Metadata-Version: 2.1
Name: datanerd
Version: 0.7
Summary: Contains multiple functions, stats() and iv_woe(), pushdb()
Author: Sunil Aleti
Author-email: iam@sunilaleti.dev
Keywords: python,describe,stats,unique values,information value,woe,iv
Classifier: Programming Language :: Python :: 3
Classifier: License :: OSI Approved :: MIT License
Classifier: Operating System :: OS Independent
Description-Content-Type: text/markdown
License-File: LICENSE.txt
Requires-Dist: pandas
Requires-Dist: numpy
Requires-Dist: sqlalchemy
Requires-Dist: pyodbc


stats(), iv_woe(), pushdb()

This function provides some statistical summary of a given dataframe.

The **stats()** function takes in a dataframe and returns the following statistics:

- count
- mean
- std
- min
- 10th percentile
- 20th percentile
- 25th percentile
- 30th percentile
- 40th percentile
- 50th percentile (median)
- 60th percentile
- 70th percentile
- 75th percentile
- 80th percentile
- 90th percentile
- 95th percentile
- 99th percentile
- max
- % of missing values
- % of non-zero values
- #numberofunique_values

```python
import pandas as pd
import datanerd as dn

df = pd.read_csv('titanic.csv')
dn.stats(df)
```

The **iv_woe()** function is used to calculate the Weight of Evidence (WoE) and Information Value (IV) for a given dataframe. 

The WoE is a measure of how much the presence or absence of a predictor (feature) contributes to the probability of target. 

The IV is a measure of the strength of the relationship between the predictor and the target.

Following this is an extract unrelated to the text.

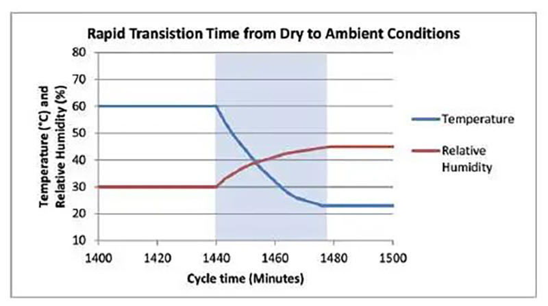濕/干過渡時間十分重要,只有結合可調整轉換時間時,可控相對濕度才有效。GMW 14872試驗需要轉換時間緩慢、呈線性,而其他方法需要“盡快”上升或使轉換時間最小化。現代腐蝕試驗箱可供用戶進行編程,使控制參數呈線性變化或使轉換時間最小化(參見下圖),并能調整以改變腐蝕樣片的質量損失。

The **iv_woe()** function takes in the following arguments:

**data:** a dataframe containing the predictor variables and the target variable

**target:** the name of the target variable

**bins:** the number of bins to use for discretizing continuous variables

**optimize:** a boolean indicating whether to optimize the binning of the continuous variables

**thresold:** the minimum percentage of non-events (negative outcome) in each bin for optimization. If optimize is set to True, the function will iterate over the number of bins from 20 to 1 and calculate the WoE and IV for each bin. If the percentage of non-events in each bin is greater than or equal to the specified thresold, it will return the WoE and IV for that bin. If it cannot find a binning that meets the thresold, it will return the WoE and IV for the best bin it could find.

If optimize is set to False, the function will calculate the WoE and IV for the specified number of bins.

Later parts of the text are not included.